Factory Girl - Edie: Factory Girl By Dalton and Finkelstein

Edie: Factory Girl By Dalton and Finkelstein

Edie: Factory Girl author David Dalton is a former assistant of Warhol. He wrote 15 books before this, including A Year in the Life of Andy Warhol. (Nat Finkelstein is credited as a photojournalist of Edie.)

Whereas the similarity in titles might suggest that the film is based on the book, there are considerable differences. The film is about Sedgwick’s relationships with two people, Andy and Billy, a character who resembles Bob Dylan. The book is about Sedgwick as part of the circle associated with Warhol known as the Warholites. Dylan is not described as her lover in the book, although he is said to be a significant figure in her story. The film-makers did not develop characters based on her friends among the Warholites.

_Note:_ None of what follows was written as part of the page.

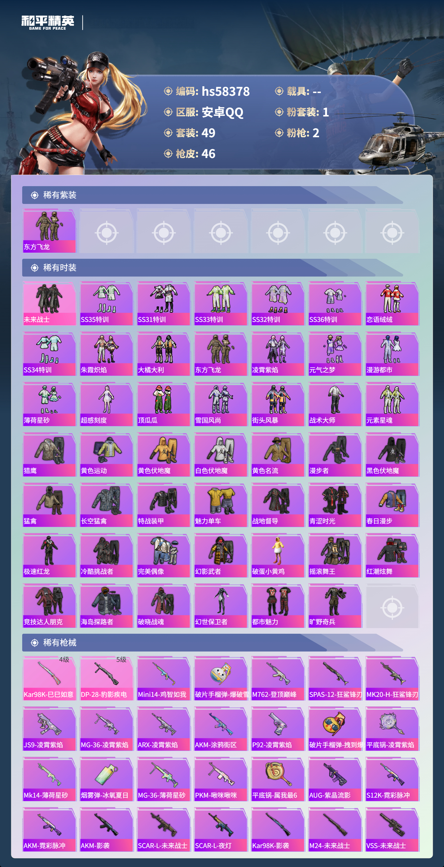 hs58378 安卓手q-4王牌印记-1粉装-2特效呛-13504热力值-49套装-46呛皮-1卓越印记【1粉装】套装-未来战士【2特效呛】kar98k-巳巳如意/4级dp-28-豹影疾电/5级【1稀有紫装】东方飞龙【48稀有时装】ss35特训ss31特训ss33特训ss32特训ss36特训恋语绒绒ss34特训朱霞炽焰大橘大利东方飞龙凌霄紫焰元气之梦漫游都市薄荷

The book describes the Warholites as originally welcoming her into the fold, sympathetic about her problems and charmed by her beauty and personality. Those interviewed for the book generally remember her as likable when she first made friends at the Factory, amiable and fun at parties, if something of a scene stealer.

The film’s Sedgwick seems carefree when she is about to leave for New York, whereas the book says that she was troubled at the time, impulsive and reckless, having seen a psychiatrist on a three visits per week basis while living in Massachusetts.

Although the book rejects the idea that Warhol was to blame for her use of methamphetamine, it is candid about an ugly side: his “morbid fascinations” and his tendency to observe the miseries of people he knew without showing emotion. Author and former Warhol screenwriter Robert Heide relates the widely-circulated story of Warhol reacting to the suicide of an acquaintance by saying, "Why didn’t he tell us? We could’ve filmed it." According to Heide, as the two of them stood on the sidewalk where the acquaintance had recently died, Warhol said to him, "I wonder when Edie will commit suicide. I hope she lets us know so we can film it.”

Like the film, the book tells of her being persuaded to leave Warhol by a singer/songwriter, but the book does not support the film’s love story. Rather, it says that she had a relationship with Dylan’s friend Bob Neuwirth. Her story of a pregnancy aborted when she was injured in Dylan’s 1966 motorcycle accident was, the book says, one of the fantasies she conceived while mentally ill and delusional.